WHAT YOU HAVE TO DO:
What you write should match, word for word, the lines from the one containing "Applicando la regola" through the end of the data, with no pictures.

DATA EXTRACT section start

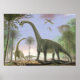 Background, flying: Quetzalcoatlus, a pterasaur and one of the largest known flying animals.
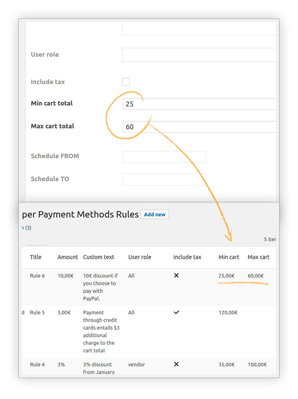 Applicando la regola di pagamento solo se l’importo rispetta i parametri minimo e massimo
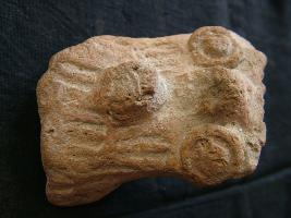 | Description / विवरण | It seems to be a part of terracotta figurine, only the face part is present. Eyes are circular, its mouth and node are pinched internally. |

DATA EXTRACT section end

WRITTEN RESPONSE:
 Applicando la regola di pagamento solo se l’importo rispetta i parametri minimo e massimo
 | Description / विवरण | It seems to be a part of terracotta figurine, only the face part is present. Eyes are circular, its mouth and node are pinched internally. |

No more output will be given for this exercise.